Prev: Newbie
Next: RubyGems 1.3.7
From: Cs Webgrl on 30 Jun 2010 09:32 Hello, I am working with scraping quite a bit of data and I would like to make sure that I'm following some best practices for string manipulation. I would like to be sure to take into account any speed and garbage collection issues. Does anyone know of any posts, websites, books or other resources that provide "do this, not that" types of guidance? For example, my understanding is that globbing everything into one line when manipulating a string is not the best use of resources. not good "string+var".gsub('+','').strip.capitalize better s = "string+var s.gsub('+','') s.strip! s.capitalize s => 'String Var' Are there resources that explain why one is better than the other that also provides more best practices like this? Thanks. -- Posted via http://www.ruby-forum.com/.
From: Peter Hickman on 30 Jun 2010 09:45 [Note: parts of this message were removed to make it a legal post.] Personally doing things on one line is not a sin of itself. Only when it is overdone! As to what counts as overdone depends on your reading ability. Splitting things onto individual lines allows you to insert logging at various points without fear of breaking the code which the one line approach does not. However the multiline approach can make an insignificant part of the code take up lots of screen real estate which can make the larger code harder to read. For example x.downcase.gsub(/\s+/, ' ').strip.capitalize is a fairly easy to read clean up on a string but if it goes multiline x.downcase! x.gsub!(/\s+/, ' ') x.strip! x.capitalize! not only does it take up more of the screen but it has also altered x, something that the single line version did not. Of course if things get really silly you could just create a function and stuff all the code in there.
From: Brian Candler on 30 Jun 2010 09:49 Cs Webgrl wrote: > better > s = "string+var > s.gsub('+','') > s.strip! > s.capitalize > s => 'String Var' (You need gsub! and capitalize! of course) > Are there resources that explain why one is better than the other that > also provides more best practices like this? Methods like capitalize! work on the existing string buffer in memory. The non-bang methods create a whole new string, which involves work copying it, and then later garbage-collecting the original. Most of the non-bang methods are implemented as a dup followed by calling the bang method on the copy. They're written in C, but are effectively like this: class String def capitalize dup.capitalize! end def capitalize! # scan the string and modify it in place end end Of course, in most apps the original chained code you wrote will be just fine, and it's easy to write and understand. If you will be processing files which are hundreds of megabytes long then it may be worthwhile rewriting to the second form. Other thoughts: * for large files, process them in chunks or lines rather than reading them all in at once * use block form when opening a file, to ensure it's closed as soon as you've finished with it File.open("/path/to/file","rb") do |f| f.each_line do |line| ... end end -- Posted via http://www.ruby-forum.com/.

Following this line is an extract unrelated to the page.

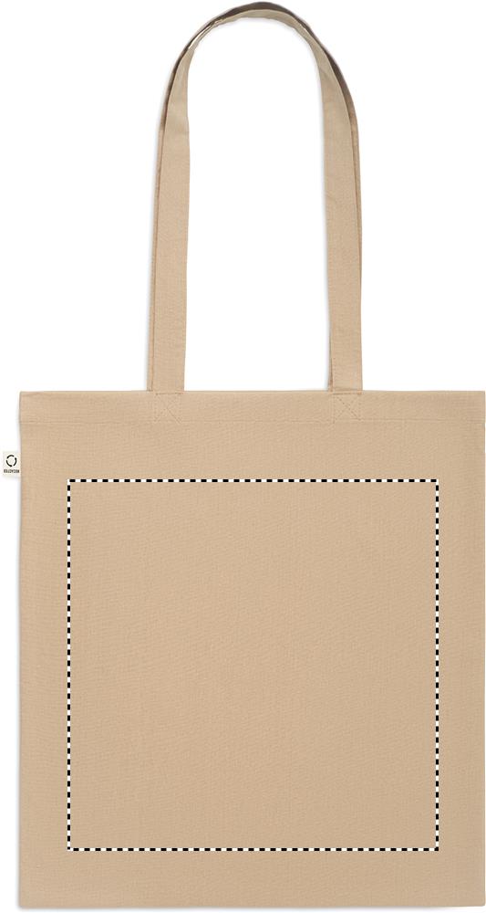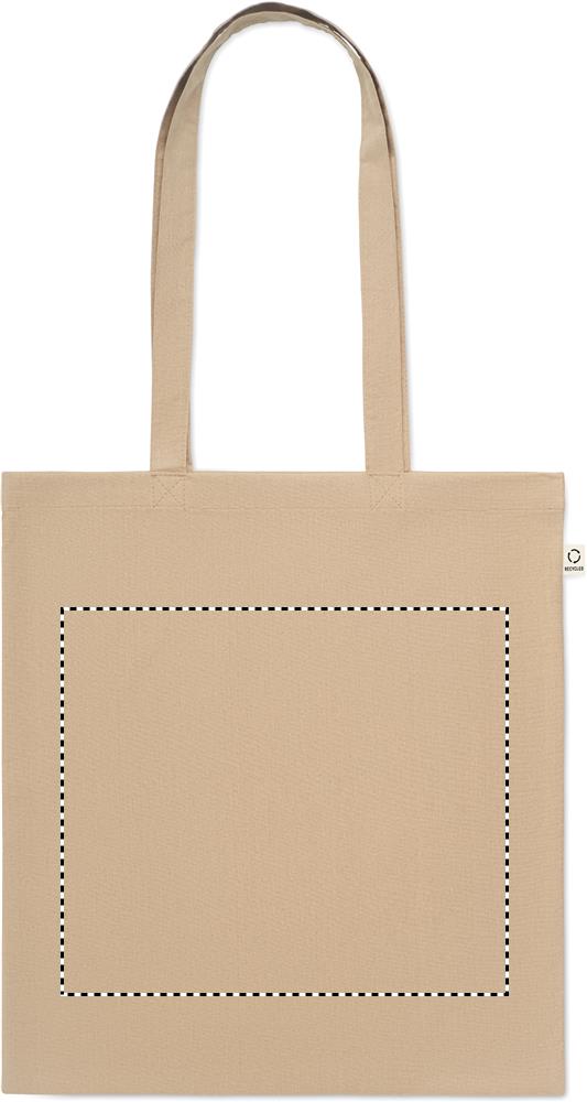 Einkaufstasche aus recycelter Post-Consumer-Baumwolle (70 % recycelte Baumwolle und 30 % RPET) mit langen Tragegriffen. 140 g/m². Artikel kann nach dem Bedrucken schrumpfen.Material: Recycelte BaumwolleMaße: 38x42 cmGewicht: 0.06 kgVeredelung: Bestickung, Bedruckung, BeflockungHandling/Farbcodes: /03, 04, 05, 06, 07, 15, 20, 37, 39, 60Druckposition: FRONTDruckmaße: 300 x 300 mmDrucktechniken: S1, T1, TRDruckposition: BACKDruckmaße: 300 x 300 mmDrucktechniken: T1, TRDruckposition: EMBROIDERYDruckmaße: 280 x 230 mmDrucktechniken: EDruckposition: FRONT TD1Druckmaße: 300 x 260 mmDrucktechniken: TD1Druckposition: BACK TD1Druckmaße: 300 x 260 mmDrucktechniken: TD1

From: Cs Webgrl on 30 Jun 2010 10:07 Thanks so much for the help and guidance. Most of my data is parsed from mechanize and broken into smaller chunks that will manipulated to get the final format. From my understanding, I should be ok. I definitely agree that the conciseness of fewer lines of code is easier to read. Just wanted to make sure that I'm not compromising speed or garbage collection for readability on these types of methods. Brian Candler wrote: > Cs Webgrl wrote: >> better >> s = "string+var >> s.gsub('+','') >> s.strip! >> s.capitalize >> s => 'String Var' > > (You need gsub! and capitalize! of course) > >> Are there resources that explain why one is better than the other that >> also provides more best practices like this? > > Methods like capitalize! work on the existing string buffer in memory. > The non-bang methods create a whole new string, which involves work > copying it, and then later garbage-collecting the original. > > Most of the non-bang methods are implemented as a dup followed by > calling the bang method on the copy. They're written in C, but are > effectively like this: > > class String > def capitalize > dup.capitalize! > end > > def capitalize! > # scan the string and modify it in place > end > end > > Of course, in most apps the original chained code you wrote will be just > fine, and it's easy to write and understand. If you will be processing > files which are hundreds of megabytes long then it may be worthwhile > rewriting to the second form. > > Other thoughts: > > * for large files, process them in chunks or lines rather than reading > them all in at once > > * use block form when opening a file, to ensure it's closed as soon as > you've finished with it > > File.open("/path/to/file","rb") do |f| > f.each_line do |line| > ... > end > end -- Posted via http://www.ruby-forum.com/.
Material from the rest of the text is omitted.